Domingo 6º de Pascua

10 de mayo de 2026

Primera lectura. Hechos de los Apóstoles 8,5-8.14-17: [Los apóstoles] bajaron allí y oraron por ellos para que recibieran Espíritu Santo, porque no había bajado aún sobre ninguno de ellos … Entonces les fueron imponiendo las manos, y recibían Espíritu Santo.

Salmo 65,1-3a.4-7a.16.20: Venid a ver las obras de Dios, sus formidables proezas en favor de los hombres.

Segunda lectura. 1ª Pedro 3,15-18: En vuestro corazón reconoced al Mesías como a Señor, dispuestos siempre a dar razón de vuestra esperanza a todo el que os pida una explicación, pero con buenos modos y respeto y teniendo la conciencia limpia.

                                             Evangelio: Juan 14,15-21

         15Si me amáis, cumpliréis los mandamientos míos; 16yo, a mi vez, le rogaré al Padre y os dará otro valedor que esté siempre con vosotros, 17el Espíritu de la verdad, el que el mundo no puede recibir porque no lo percibe ni lo reconoce. Vosotros lo reconocéis, porque vive con vosotros y además estará con vosotros.

         18No os voy a dejar desamparados, volveré con vosotros. 19Dentro de poco, el mundo dejará de verme; vosotros, en cambio, me veréis, porque de la vida que yo tengo viviréis también vosotros. 20Aquel día experimentaréis que yo estoy identificado con mi Padre, vosotros conmigo y yo con vosotros.

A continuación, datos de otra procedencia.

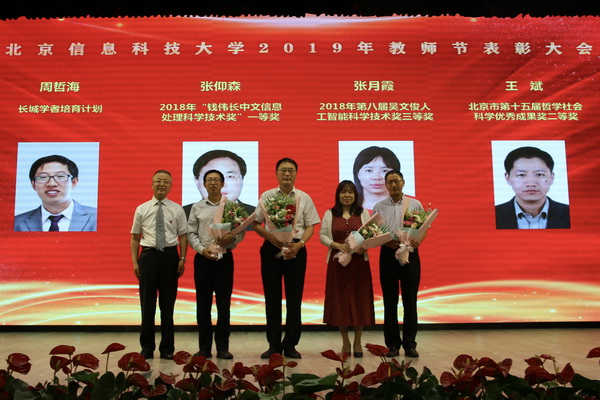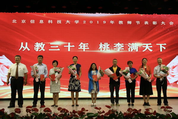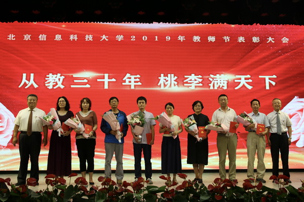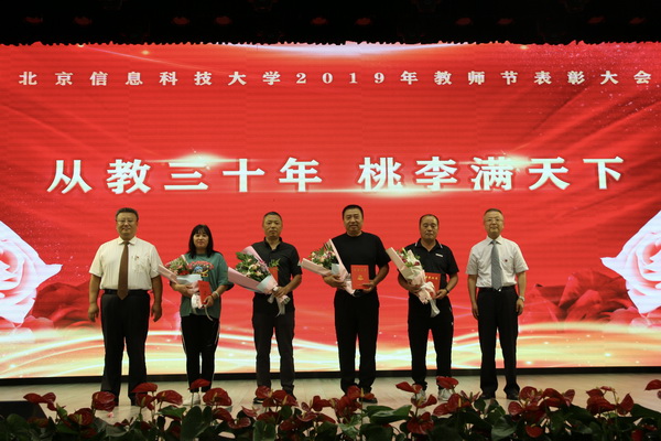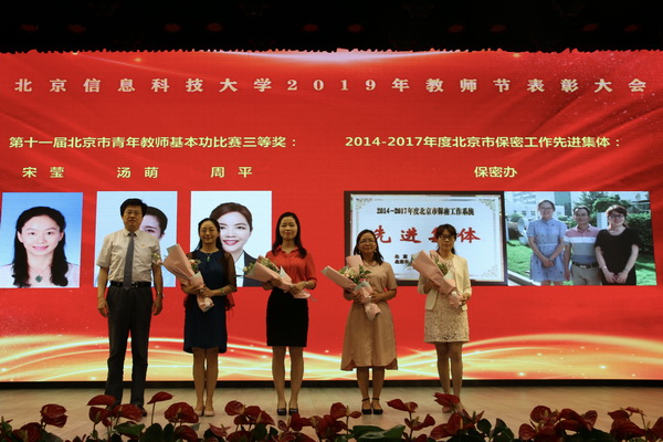 全体校领导分别为获北京学者、北京市教学名师荣誉称号的教师,获长城学者、行业科技奖荣誉获得者,北京市青年教师基本功比赛获奖者,北京市保密工作先进集体,校级教学名师,青年教学名师,校级青年教师基本功比赛获奖者,优秀主讲教师代表,优秀指导教师代表,优秀辅导员代表,优秀班主任代表,从事教育事业三十年教职工颁奖。

         21El que ha hecho suyos mis mandamientos y los cumple, ése es el que me ama; y al que me ama mi Padre le demostrará su amor y yo también se lo demostraré manifestándole mi persona.

El texto y un breve comentario de cada una de las lecturas de este domingo se podrán encontrar pulsando más arriba, en los enlaces correspondientes.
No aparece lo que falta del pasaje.